Aangepaste rol toewijzen

  1. Open de Azure-portal en open het gekozen bereik; Definitieversie van publisher-resourcegroep of netwerkfunctie.

  2. Selecteer toegangsbeheer (IAM) in het zijmenu van dit item.

  3. Kies Roltoewijzing toevoegen.

    Schermopname van de pagina toegangsbeheer voor de uitgeverresourcegroep.

  4. Zoek onder Functierollen uw aangepaste rol in de lijst en ga vervolgens verder met Volgende.

    Schermopname van het scherm Roltoewijzing toevoegen.

  5. Selecteer Beheerde identiteit, kies + Leden selecteren en zoek en kies vervolgens uw nieuwe beheerde identiteit.

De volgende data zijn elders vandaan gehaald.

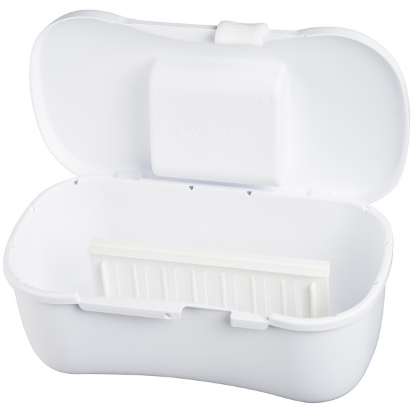 Protégez votre passion et votre plaisir avec ce Système de Stockage Hygiénique de Joyboxx. Cette spacieuse boîte en plastique blanche est recyclable.
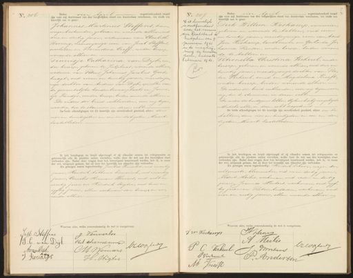 No. 206 Heden vier srril negentienhonderd twaalf zijn voor mij Ambtenaar van den burgerlijken stand van Amsterdam verschenen, ten einde een huwelijk aan te gaan: Johannes Martinus Steffens, tram wagenbestuurder, geboren en wonende alhier, oud drie en dertig jaren, weduwnaar van Elisabeth Boering, meerderjarige zoon van Jacob Steffens, overleden en Barendina Loeff, zonder beroep, wonende alhier en Teunisje Catharina van Dijk, zon„ der beroep, geboren te Jutphaas, wonende alhier; weduwe van Petrus Johannes Jacobus Goed„ knegt, oud zeven en twintig jaren, meerderja„ rige dochter van Andries van Dijk, opzichter van de gemeentelijke hondenbewaarplaats en Janne„ tje Koudijs, zonder beroep, beiden wonende alhier.- De ouders der bruid verklaarden, voor mij tegen„ woordig, toe te stemmen in dezen echt„ De beide afkondigingen tot dit huwelijk zijn onverhinderd geschied, alhier den vier en twintigsten en een en dertigsten Maart laatstleden Ik heb bruidegom en bruid afgevraagd of zij elkander nemen tot echtgenooten en getrouwelijk alle de plichten zullen vervullen, welke door de wet aan den huwelijken staat verbonden zijn. Nadat deze vragen door hen bevestigend beantwoord werden, heb ik, in naam der wet, uitspraak gedaan, dat zij door het huwelijk aan elkander zijn verbonden. Als getuigen waren tegenwoordig: Jacobus Venverloo, oud zeventig jaren, Hendrik Anthonie Siemerink, oud zeventig jaren, Cornelis Herman Wernars, oud acht en veertig jaren en Hendrik stigter, oud twee en vijftig jaren, allen werkman van beroep en wo„ 8 nende alhier. No. 207 Dit huwelijk is ontbouden) door het vonnis der Rechtbank te Zutphen van 9 Januari 1941 en de inschrij¬ ving. te turster. dam, heden 12 Februari 1941. Pv: Heden vier April negentienhonderd twaalf zijn voor mij Ambtenaar van den burgerlijken stand van Amsterdam verschenen, ten einde een huwelijk aan te gaan: Derk Willem Koskamp, warmoezier geboren en wonende te Aalten, oud zeven en twintig jaren, meerderjarige zoon van Arend Jan Koskamp, landbouwer en Gerharda Jo„ „hanna Prinsen, zonder beroep, beiden wonen„ de te Aalten en Petronella Christina Verheul, zonder beroep, geboren en wonende alhier, oud drie en twintig jaren, meerderjarige dochter van Pie„ ter Verheul, smid en Magdalena Kreeft, zonder beroep, beiden wonende alhier. De ouders der bruid verklaarden, voor mij tegenwoor„ dig, toe te stemmen in dezen echt. De ouders des bruidegoms hebben, blijkens hierbij overgelegde authentieke akte, in dezen echt toegestemd. De beide afkondigingen tot dit huwelijk zijn onverhinderd geschied, alhier en te Aalten, den vier en twintigsten en een en der„ tigsten Maart laatstleden: Ik heb bruidegom en bruid afgevraagd of zij elkander nemen tot echtgenooten en getrouwelijk alle de plichten zullen vervullen, welke door de wet aan den huwelijken staat verbonden zijn. Nadat deze vragen door hen bevestigend beantwoord werden, heb ik, in naam der wet, uitspraak gedaan, dat zij door het huwelijk aan elkander zijn verbonden. Als getuigen waren tegenwoordig: Hendrik Schoor, zwager der echtgenoote, kleermaker, oud zes en dertig jaren. Aldert Meilis, werkman, oud zeven en dertig jaren, Joannes Winters, werkman, oud vijf„ tig jaren en Pieter Andersen, werkman, oud vier en zestig jaren, allen wonende alhier.— Waarvan akte, welke overeenkomstig de wet is voorgelezen. J. Venverloo J M. Steffens het Siemenma J.C. van Dijl CH. Wernans Valoorerg A van Dijk J Koudtjs H. Stigter DW Koshamp H Zumns A. Meilis lalogterdy P C. Verkeul Mters P Verkeul P Andersen M Vreest

Kies Selecteren.

    Schermopname van de roltoewijzing toevoegen en beheerde identiteiten selecteren.

  6. Selecteer Controleren en toewijzen.

De roltoewijzing herhalen

Herhaal de roltoewijzingstaken voor al uw gekozen bereiken.

De rol Managed Identity Operator toewijzen aan de beheerde identiteit zelf

  1. Ga naar Azure Portal en zoek naar beheerde identiteiten.

  2. Selecteer identity-for-nginx-sns in de lijst met beheerde identiteiten.

  3. Selecteer Toegangsbeheer (IAM) in het zijmenu.

  4. Kies Roltoewijzing toevoegen en selecteer de rol Managed Identity Operator . Schermopname van de rol Managed Identity Operator: roltoewijzing toevoegen.

  5. Selecteer de rol Managed Identity Operator .

    Schermopname van de rol Managed Identity Operator.

  6. Selecteer Beheerde identiteit.

  7. Selecteer + Leden selecteren en navigeer naar de door de gebruiker toegewezen beheerde identiteit en ga verder met de toewijzing.

    Schermopname van het scherm Roltoewijzing toevoegen met Beheerde identiteit geselecteerd.

Het voltooien van alle taken die in dit artikel worden beschreven, zorgt ervoor dat de SNS (Site Network Service) de benodigde machtigingen heeft om effectief te functioneren binnen de opgegeven Azure-omgeving.

Andere vereiste machtigingen toewijzen aan de beheerde identiteit

Herhaal dit proces om eventuele andere machtigingen toe te wijzen aan de beheerde identiteit die door uw Network Service Designer is geïdentificeerd.